[Extracted data entries]
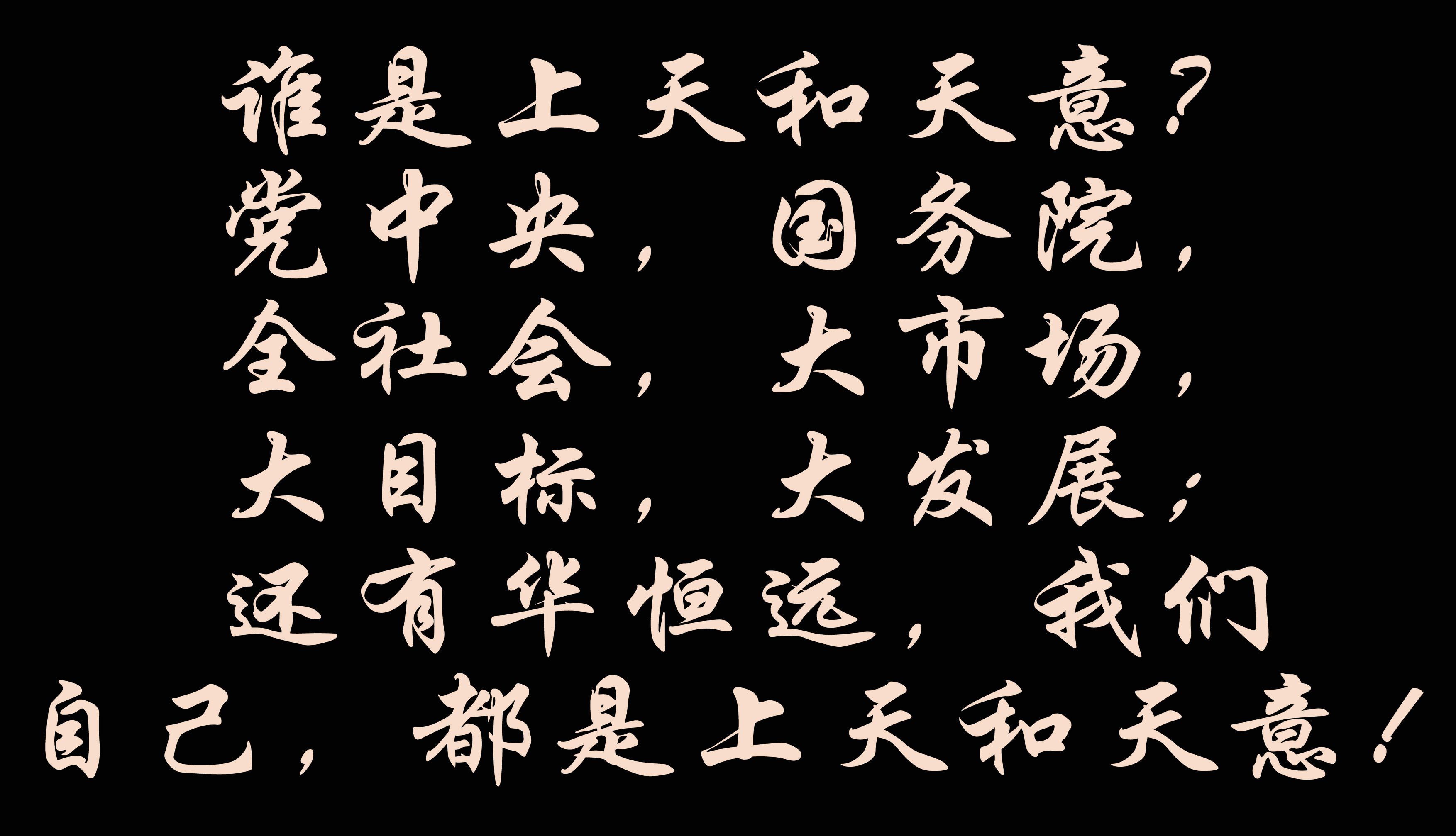谁是上天和天意?党中央,国务院,全社会,大市场,大目标,大发展;还有太阳成tyc7111cc官网,我们自己,都是上天和天意!
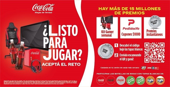 (阿國重大新聞網站報導,非經授權,請勿抄襲)阿根廷可口可樂公司推出了“Destapá y Ganá”(開瓶有獎)活動,這是一項針對電競遊戲者所設計的促銷活動,可口可樂公司宣稱這項活動總共有1500個獎品。
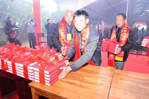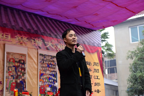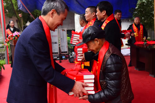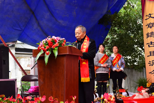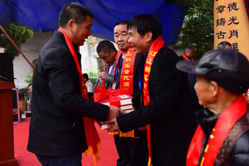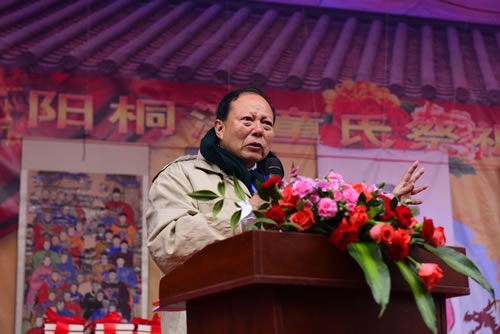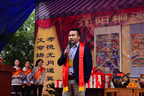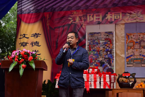 桐溪修谱理事会秘书长童存德介绍修谱情况
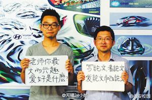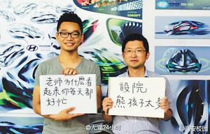 提问者——江南大学设计学院的“熊孩子”周申,回答者——他的导师、该院副院长张凌浩教授。师生二人举着题板、一问一答的创意合影,在周申上传到微博后,近日连续被@人民日报、@新华日报等众多媒体微博、校园微博转载,得到至少数千条网友评论。有网友赞道,老师太萌了,妥妥的是男神啊!
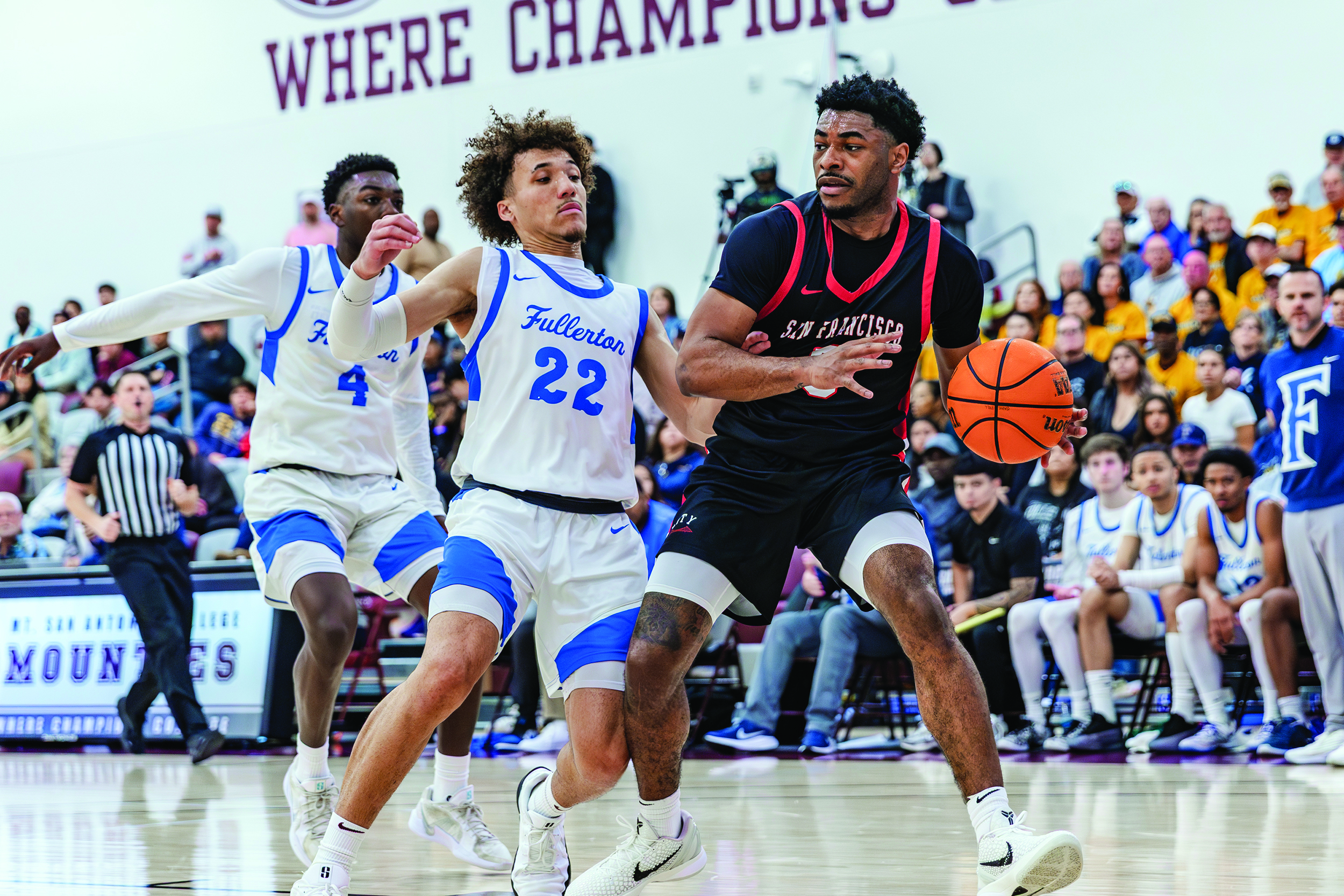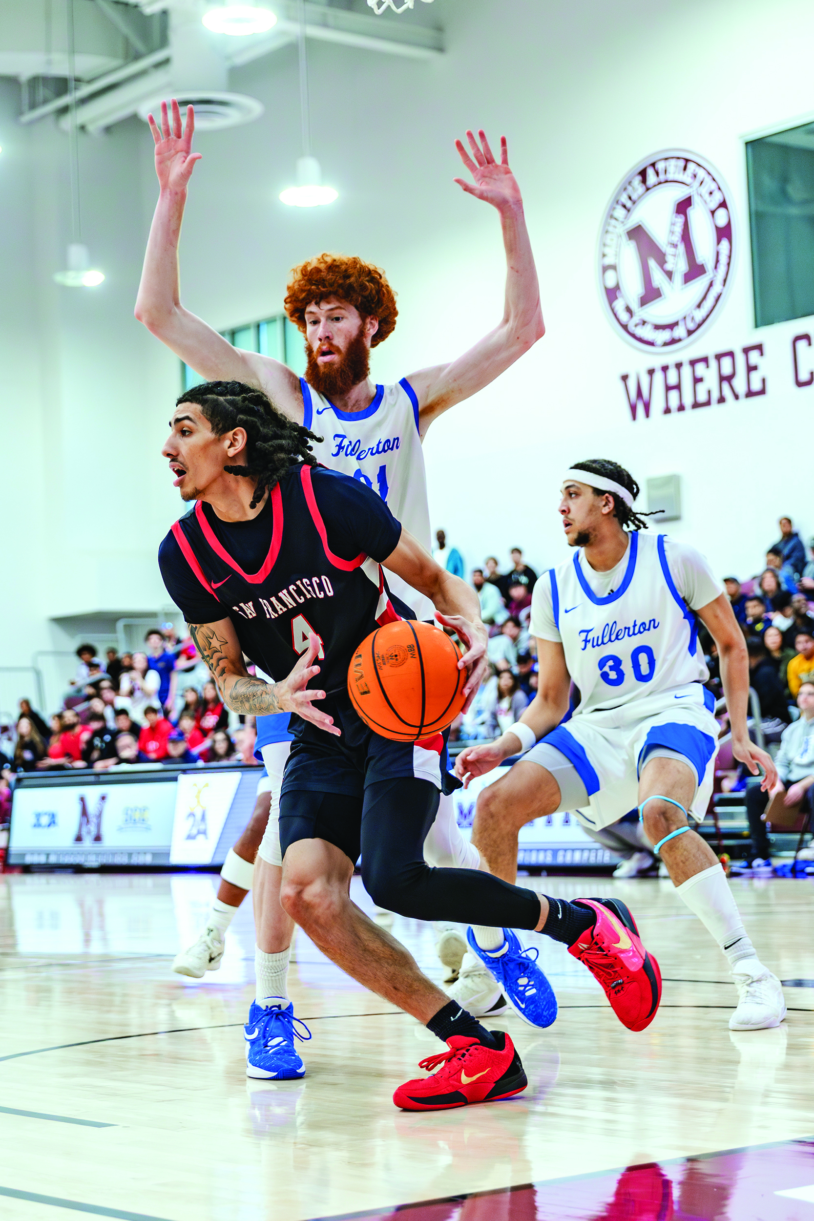 The Rams opened the championship game with suffocating defense, their signature full-court press forcing Fullerton into rushed shots and costly mistakes. By halftime, San Francisco had built a 32-23 lead, their defense holding Fullerton to just 34% shooting in the first half.

▸ **What you have to do**
An exact reproduction of the data is needed, with no pictures included.

▸ **Answer to this task**
谁是上天和天意?党中央,国务院,全社会,大市场,大目标,大发展;还有太阳成tyc7111cc官网,我们自己,都是上天和天意!
 (阿國重大新聞網站報導,非經授權,請勿抄襲)阿根廷可口可樂公司推出了“Destapá y Ganá”(開瓶有獎)活動,這是一項針對電競遊戲者所設計的促銷活動,可口可樂公司宣稱這項活動總共有1500個獎品。
 桐溪修谱理事会秘书长童存德介绍修谱情况
 提问者——江南大学设计学院的“熊孩子”周申,回答者——他的导师、该院副院长张凌浩教授。师生二人举着题板、一问一答的创意合影,在周申上传到微博后,近日连续被@人民日报、@新华日报等众多媒体微博、校园微博转载,得到至少数千条网友评论。有网友赞道,老师太萌了,妥妥的是男神啊!
 The Rams opened the championship game with suffocating defense, their signature full-court press forcing Fullerton into rushed shots and costly mistakes. By halftime, San Francisco had built a 32-23 lead, their defense holding Fullerton to just 34% shooting in the first half.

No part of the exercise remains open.